そこで、モーニングスター株式会社代表取締役社長 朝倉智也さんが著者である「ETFはこの7本を買いなさい」を参考にポートフォリオを紹介します。

この本で紹介されているポートフォリオの比率は債券40%、株式60%の比率だと言われています。

その内訳は下記です。

株式60%(先進国株40%、国内株10%、新興国株10%)

債券40%(先進国債券30%、新興国債券10%)

株式と債券を組み合わせている理由としては、変動幅(ボラティリティー)に大きな違いがあるためです。
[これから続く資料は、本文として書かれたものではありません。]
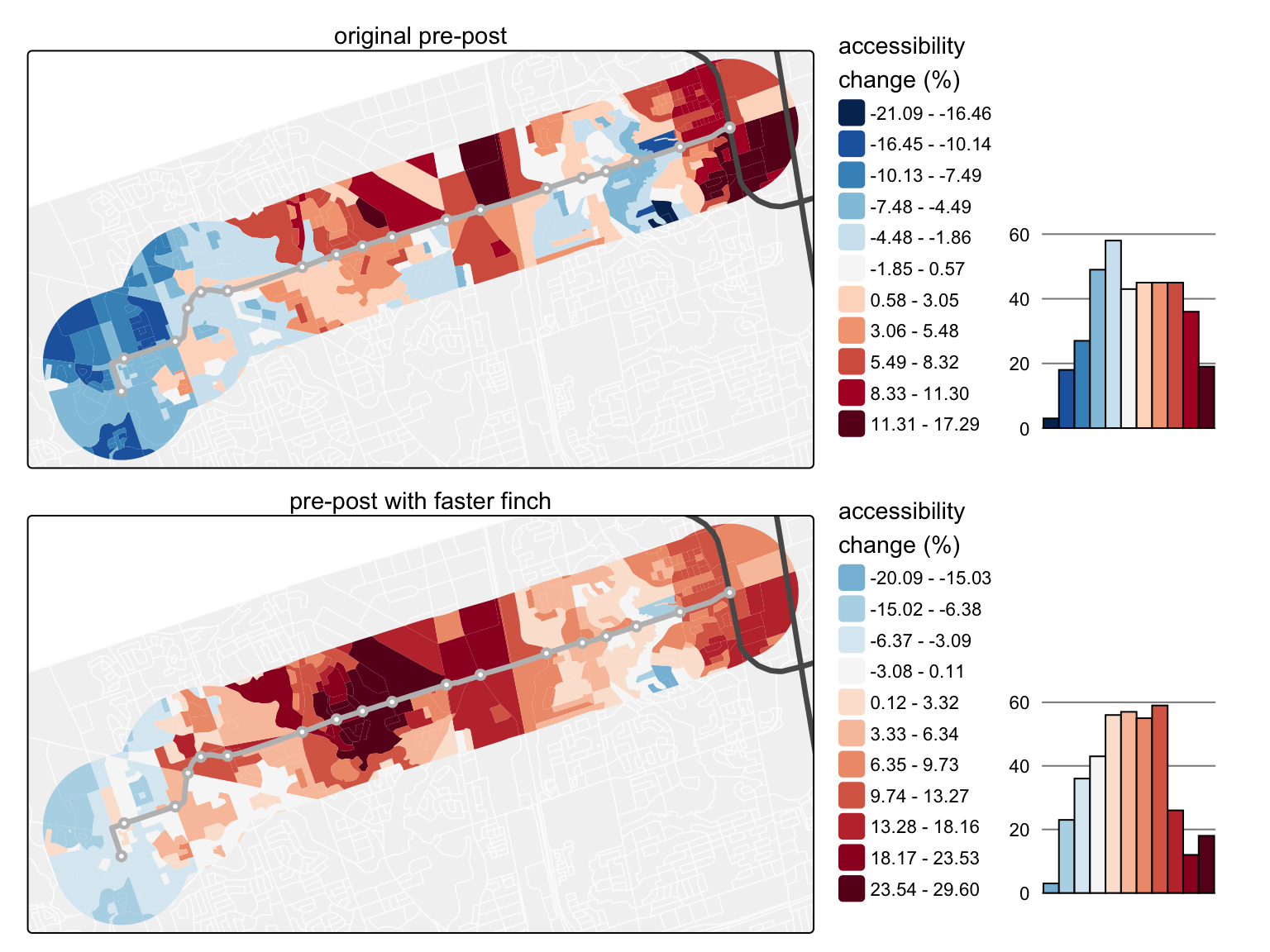 What about changes in accessibility? Let’s re-run the post-scenario accessibility analysis using the faster Finch network:

具体的には、株式の変動幅の方が高く(リスクが高い)、債券の方が変動幅は低いです。

これらの異なる性質を持つ商品を組み合わせることでリスクを分散させています。

株式の比率に関して、先進国株の比率が高い理由としては、経済成長の期待がされていることが挙げられます。
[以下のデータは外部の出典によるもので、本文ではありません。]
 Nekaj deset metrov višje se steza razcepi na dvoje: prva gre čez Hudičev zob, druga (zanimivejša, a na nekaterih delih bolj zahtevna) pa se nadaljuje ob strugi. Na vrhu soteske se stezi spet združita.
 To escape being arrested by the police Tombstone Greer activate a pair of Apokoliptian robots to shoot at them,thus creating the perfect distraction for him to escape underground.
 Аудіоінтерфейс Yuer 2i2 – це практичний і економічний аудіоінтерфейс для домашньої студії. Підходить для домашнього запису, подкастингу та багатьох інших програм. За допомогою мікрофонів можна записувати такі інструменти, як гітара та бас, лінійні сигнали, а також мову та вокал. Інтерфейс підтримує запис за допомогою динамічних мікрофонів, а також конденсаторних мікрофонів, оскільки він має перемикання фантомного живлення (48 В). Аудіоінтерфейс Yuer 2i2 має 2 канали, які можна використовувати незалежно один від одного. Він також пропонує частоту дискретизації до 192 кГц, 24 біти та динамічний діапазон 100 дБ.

その中にも国内株や新興国株を混ぜているのは、国内や新興国の株価が急激に伸びてくる可能性も加味しているためです。

債券に関しても新興国債券を混ぜているのは上記と同じ理由からです。

注意していただきたいことは、これらの投資期間は5〜10年以上の長期投資を想定しており、だいたい年率5%くらいは期待ができるとされている点です。
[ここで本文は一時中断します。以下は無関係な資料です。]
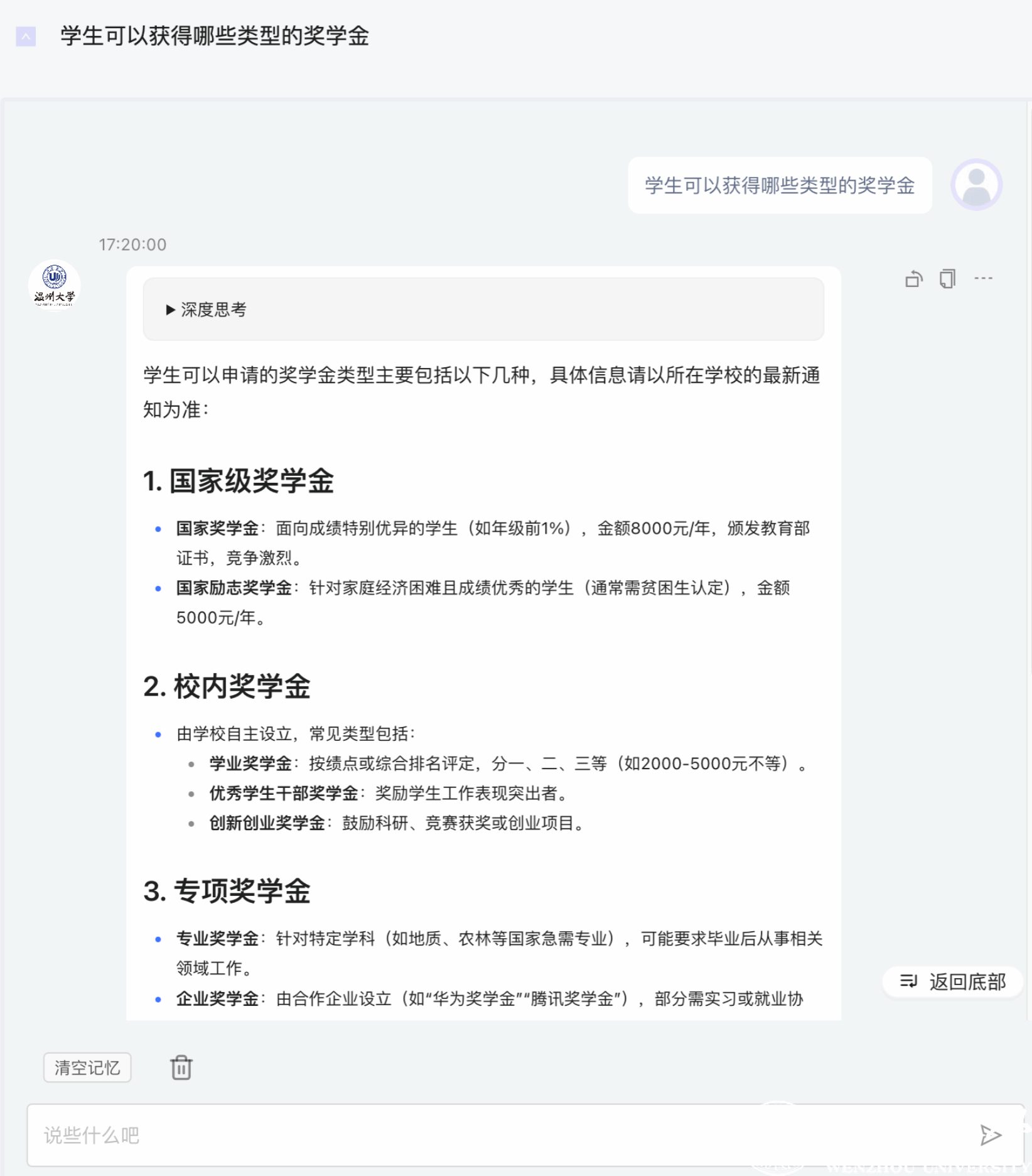 基于DeepSeek R1大模型的“星空平台师生助手”,由计算机与人工智能学院刘军副教授、顾旭波团队与学校信息技术中心相互协作部署,该系统基于星空平台学生工作知识库,具备强大的自然语言处理能力和多场景应用功能,全校师生无需登录即可使用。该模型擅长处理文本理解、信息检索、智能问答等多种任务,并能根据用户的个性化需求提供定制化的服务。例如,师生可以通过该助手快速查询课程安排、学术资源、校园公告等信息,还能获得学习建议、科研辅助等智能化支持。

総じて伝えたいことは、リスクヘッジをしながら手堅く成長が期待されている先進国に比率を寄せてポートフォリオを組み、長期で運用していくという点ですので、投資を検討しているがどのようにポートフォリオを組んでいいか分からないという人はぜひご参考にしてください。

まとめ

米国株式が人気な理由

・過去の暴落から立ち直ってきた

・人口増加が見込まれる

・全世界株式よりもパフォーマンスがいい

米国株式だけでは危険な理由

・暴落した際の値幅が大きい

・為替リスクに注意が必要

・過去の偉人達が残している格言からも集中投資はリスクが高い

・これから米国株投資を検討している人は売買タイミングに要注意

ポートフォリオを組む上では、

株式60%(先進国株40%、国内株10%、新興国株10%)

債券40%(先進国債券30%、新興国債券10%)

の組み合わせを紹介致しました。

※投資期間は5~10年以上

資金次第では金や不動産なども組み合わせとして検討するといいでしょう!

投資をする上では、基本である分散投資を中心に、ポートフォリオを意識することや、逆相関の金融商品を知っておくことが大切です。

そして、短期投資ではなく長期投資を意識してコツコツと資産運用をしていくことをおすすめします!